Repeat the data verbatim, images excluded.

Segment Start: DATA EXTRACT

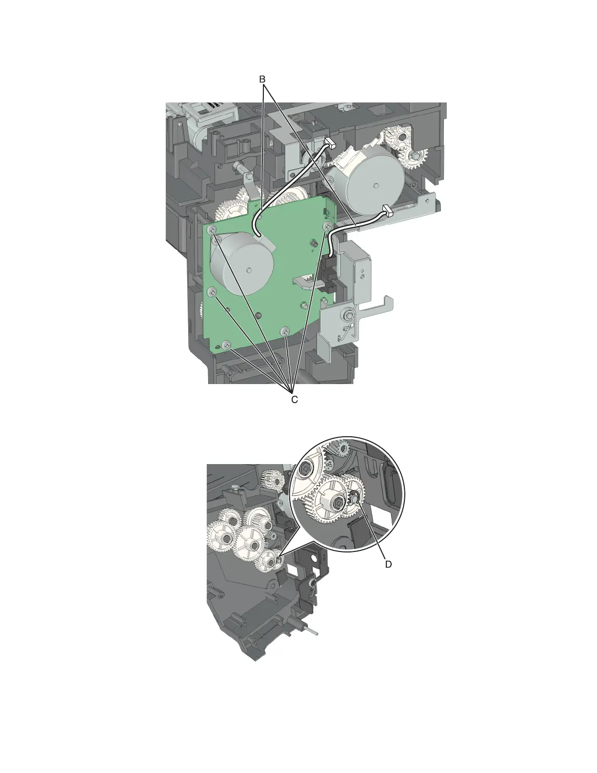 7 Remove the five screws (C) from the diverter motor assembly.
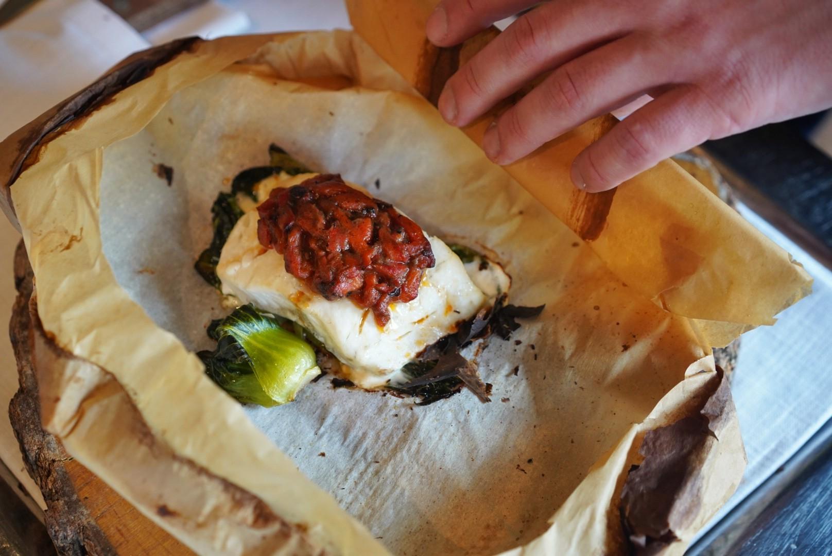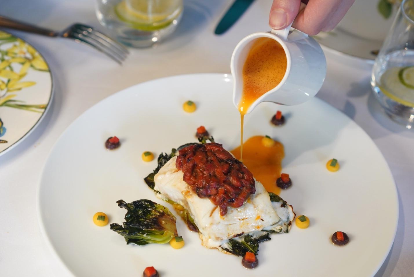 Cooked in papillote, the Sea Bass Steak (RMB429) is capped with a blend of red bell peppers and anchovies before being wrapped in baking parchment and roasted over Shanghainese bok choy.
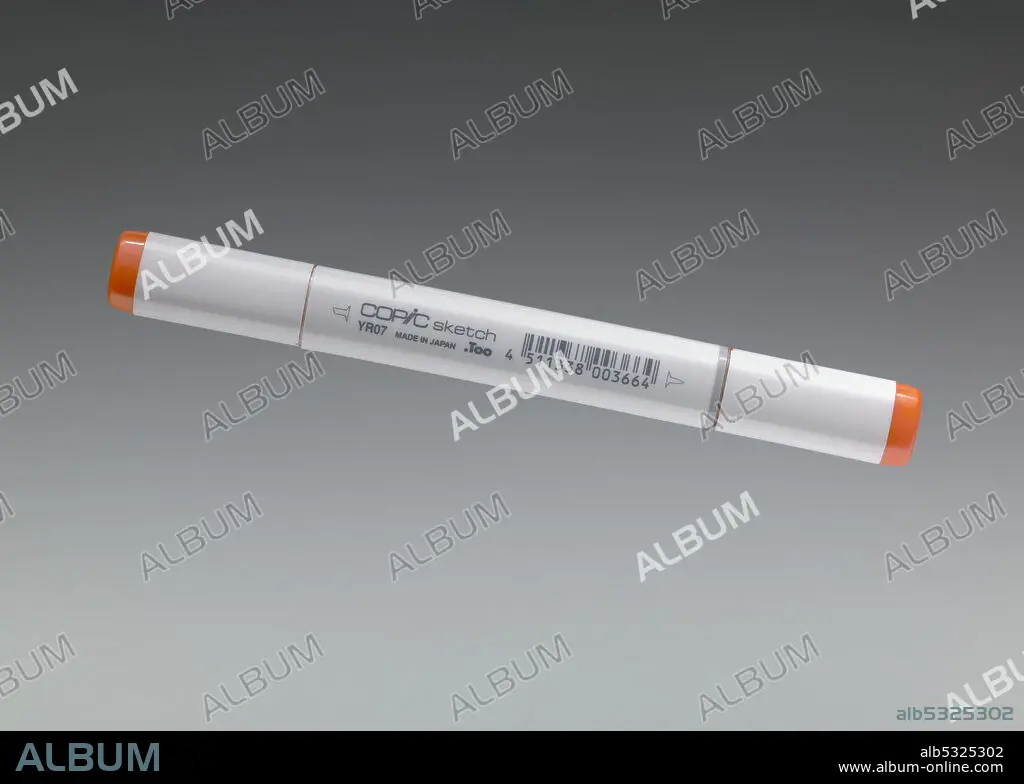 Orange Copic sketch marker used by African-American architect Michael Marshall. The marker (.5a) has two (2) caps, one on each end of the pen. One marker tip is angled (.5b) and the other is pointed (.5c). Each cap is grey with an orange top. At the top of each cap is white printed text [YR07 / Cadmium / Orange]. The body of the marker is grey with black text. The text has the pen trademark for Copic sketch, manufacturer information, and a barcode. The reverse is blank.
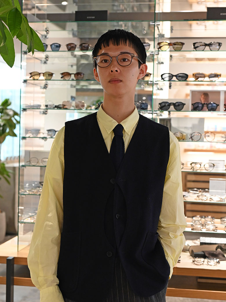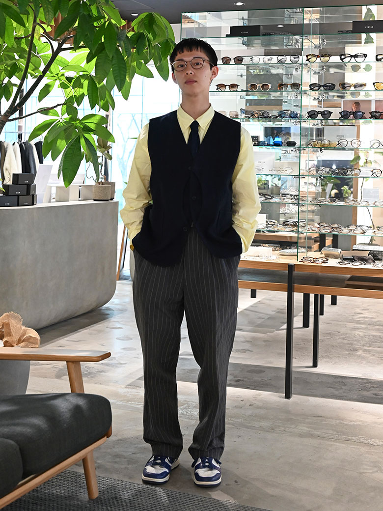 スニーカーで外すように。眼鏡にも抜け感を意識し、クラシックなフレームのつくりでありながら、裏にクリアの生地を張り合わせたこちらのカラーがコーディネートに抜け感を与えくれ、クラシックに「なりすぎず」掛けられる好バランス。是非店頭にてお試しください。
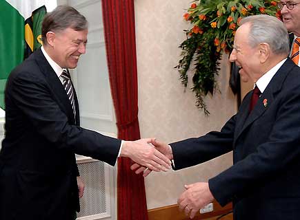 Il Presidente Ciampi accolto al suo arrivo dal Presidente della Repubblica Federale di Germania, Horst Kohler, alla sede dell'incontro tra i Capi di Stato firmatari dell'Articolo "Uniti per l'Europa.

Segment End: DATA EXTRACT

» **WRITTEN RESPONSE**
 7 Remove the five screws (C) from the diverter motor assembly.
 Cooked in papillote, the Sea Bass Steak (RMB429) is capped with a blend of red bell peppers and anchovies before being wrapped in baking parchment and roasted over Shanghainese bok choy.
 Orange Copic sketch marker used by African-American architect Michael Marshall. The marker (.5a) has two (2) caps, one on each end of the pen. One marker tip is angled (.5b) and the other is pointed (.5c). Each cap is grey with an orange top. At the top of each cap is white printed text [YR07 / Cadmium / Orange]. The body of the marker is grey with black text. The text has the pen trademark for Copic sketch, manufacturer information, and a barcode. The reverse is blank.
 スニーカーで外すように。眼鏡にも抜け感を意識し、クラシックなフレームのつくりでありながら、裏にクリアの生地を張り合わせたこちらのカラーがコーディネートに抜け感を与えくれ、クラシックに「なりすぎず」掛けられる好バランス。是非店頭にてお試しください。
 Il Presidente Ciampi accolto al suo arrivo dal Presidente della Repubblica Federale di Germania, Horst Kohler, alla sede dell'incontro tra i Capi di Stato firmatari dell'Articolo "Uniti per l'Europa.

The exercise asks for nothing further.